[Extracted records]
_ _ _ _ _

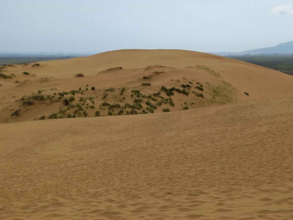 С удивлением узнала, что бархан Сарыкум в Дагестане - второй по величине в мире. 3 км в длину, около 2 км в ширину, до 260 м высоты. Крупнее его только бархан "Большой эрг" в Сахаре. При этом учёные до сих пор не пришли к единому мнению, как он образовался в этой совершенно неподходящей для пустыни климатической зоне, среди гор и степей Дагестана. Есть гипотеза, что когда-то здесь разрушилась гора из песчаника. Ещё одна версия, что в этом месте особым образом сходятся, сталкиваются ветра - с гор и с моря, поэтому выдуваемый ими песок миллионами лет скапливался именно здесь. Ну а мы можем просто любоваться этим природным чудом, как бы оно ни образовалось. Бархан великолепен! Под воздействием ветров он остаётся живым, всё время немного меняет свою форму, высоту. Но при этом не сдвигается с места, не кочует, как большинство других песчаных дюн. Сарыкум находится в 18 км от Махачкалы. Можно доехать на маршрутке от городского рынка до ближайшего села Коркмасала, но оттуда придётся ещё идти
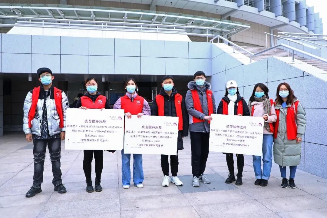 红色、紫色、蓝色的防护服、身着不同服装的志愿者身影或守护在岗位上,或穿梭在排队的队伍中,为前来接种的同学提示接种流程步骤和注意事项。
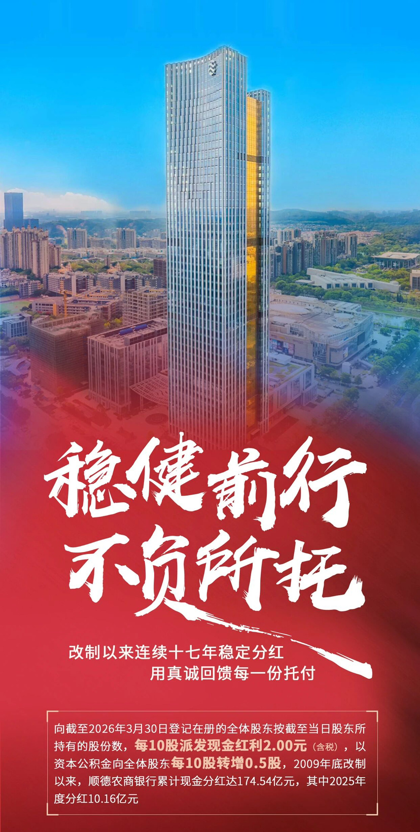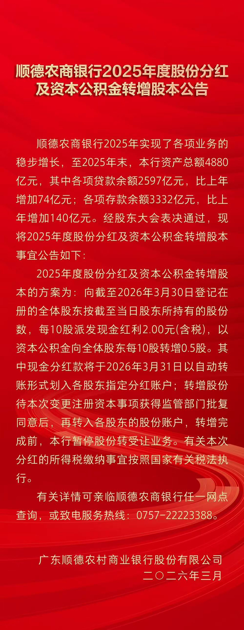 广东顺德农村商业银行股份有限公司(以下简称“顺德农商银行”)今日正式发布了《2025年度股份分红及资本公积金转增股本公告》。根据公告,该行将向全体股东实施每10股派发现金红利2.00元(含税)、每10股转增0.5股的分红方案。在资产规模稳步扩大的同时,该行通过“现金分红+资本公积金转增”的组合方案,兼顾股东回报与自身资本实力的增强。
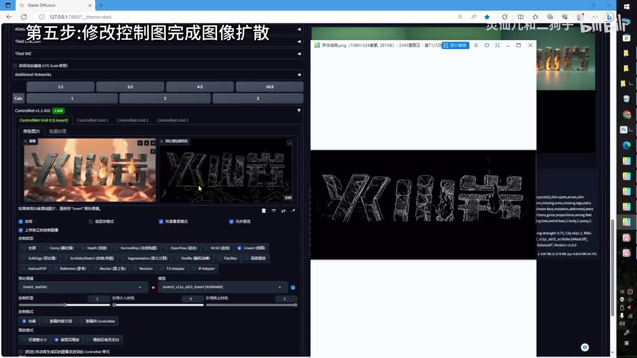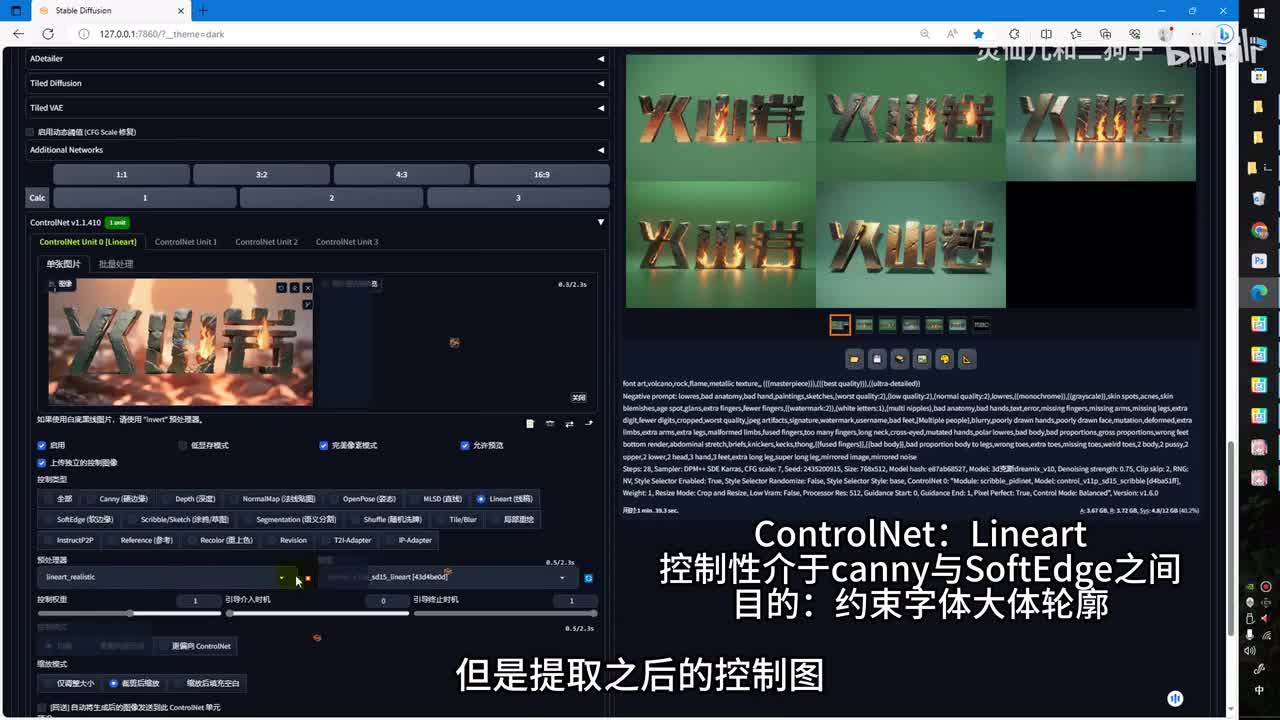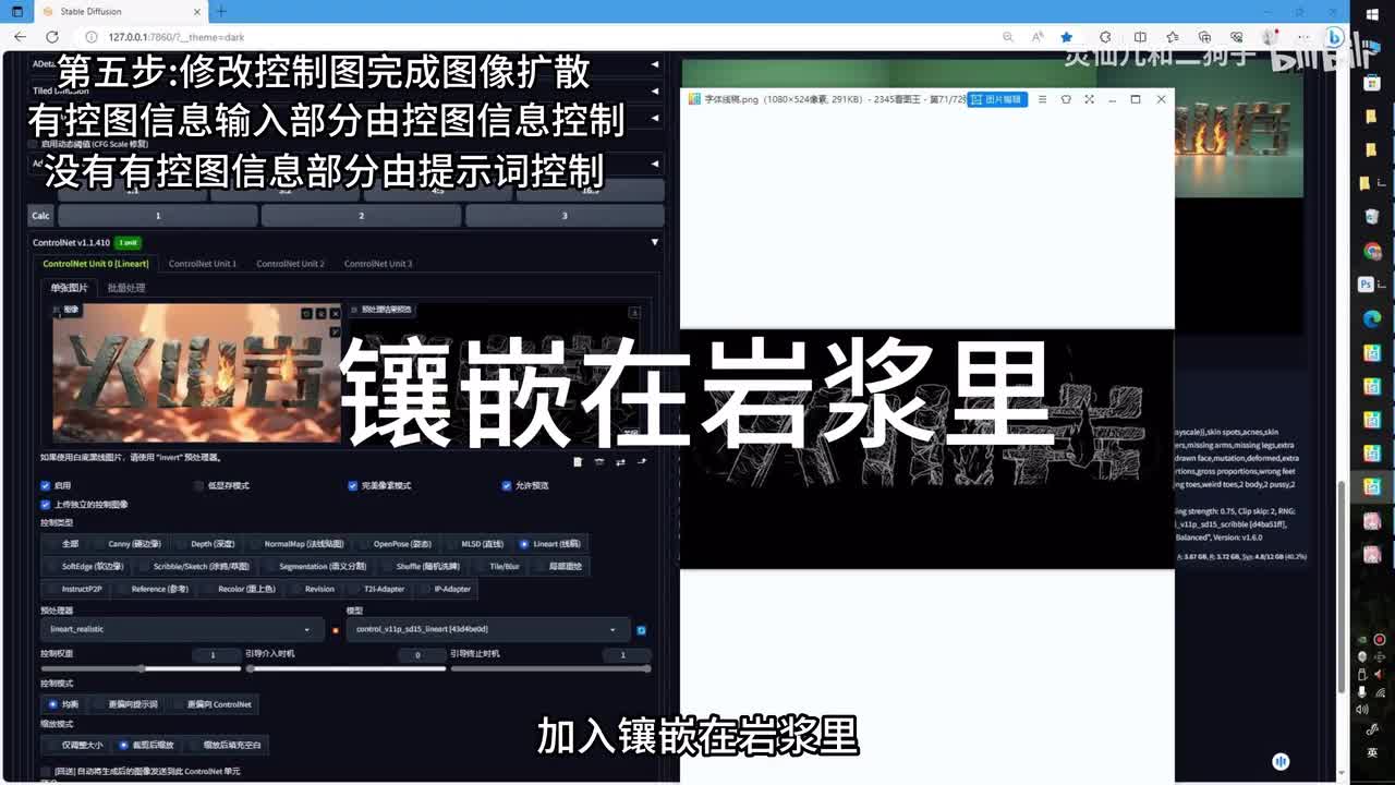 调整采样器。调整迭代步数,读取图像的宽高重回幅度调整为一c t r l l t上传好我们的文字图像。这里选择写实线稿,但是提取之后的控制图并没有嵌入到岩浆里的线条效果,所以我们需要对控制图做局部的修改。右上角保存控制图。再来到p s。
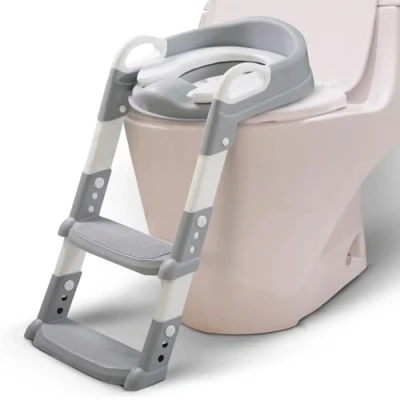Taylor & Brown Adjustable Potty Ladder Seat for Toilet Training with Steps, Handle Soft Cushion Anti Slip Stool Toddlers Children Unisex Foldable Easy Assembly Splash Guard Included (Grey)

_ _ _ _ _

## [AIM OF THE TASK]
Your copy of the records must match them exactly, except that no pictures appear in it.

## [SOLUTION TO THIS EXERCISE]
 С удивлением узнала, что бархан Сарыкум в Дагестане - второй по величине в мире. 3 км в длину, около 2 км в ширину, до 260 м высоты. Крупнее его только бархан "Большой эрг" в Сахаре. При этом учёные до сих пор не пришли к единому мнению, как он образовался в этой совершенно неподходящей для пустыни климатической зоне, среди гор и степей Дагестана. Есть гипотеза, что когда-то здесь разрушилась гора из песчаника. Ещё одна версия, что в этом месте особым образом сходятся, сталкиваются ветра - с гор и с моря, поэтому выдуваемый ими песок миллионами лет скапливался именно здесь. Ну а мы можем просто любоваться этим природным чудом, как бы оно ни образовалось. Бархан великолепен! Под воздействием ветров он остаётся живым, всё время немного меняет свою форму, высоту. Но при этом не сдвигается с места, не кочует, как большинство других песчаных дюн. Сарыкум находится в 18 км от Махачкалы. Можно доехать на маршрутке от городского рынка до ближайшего села Коркмасала, но оттуда придётся ещё идти
 红色、紫色、蓝色的防护服、身着不同服装的志愿者身影或守护在岗位上,或穿梭在排队的队伍中,为前来接种的同学提示接种流程步骤和注意事项。
 广东顺德农村商业银行股份有限公司(以下简称“顺德农商银行”)今日正式发布了《2025年度股份分红及资本公积金转增股本公告》。根据公告,该行将向全体股东实施每10股派发现金红利2.00元(含税)、每10股转增0.5股的分红方案。在资产规模稳步扩大的同时,该行通过“现金分红+资本公积金转增”的组合方案,兼顾股东回报与自身资本实力的增强。
 调整采样器。调整迭代步数,读取图像的宽高重回幅度调整为一c t r l l t上传好我们的文字图像。这里选择写实线稿,但是提取之后的控制图并没有嵌入到岩浆里的线条效果,所以我们需要对控制图做局部的修改。右上角保存控制图。再来到p s。
Taylor & Brown Adjustable Potty Ladder Seat for Toilet Training with Steps, Handle Soft Cushion Anti Slip Stool Toddlers Children Unisex Foldable Easy Assembly Splash Guard Included (Grey)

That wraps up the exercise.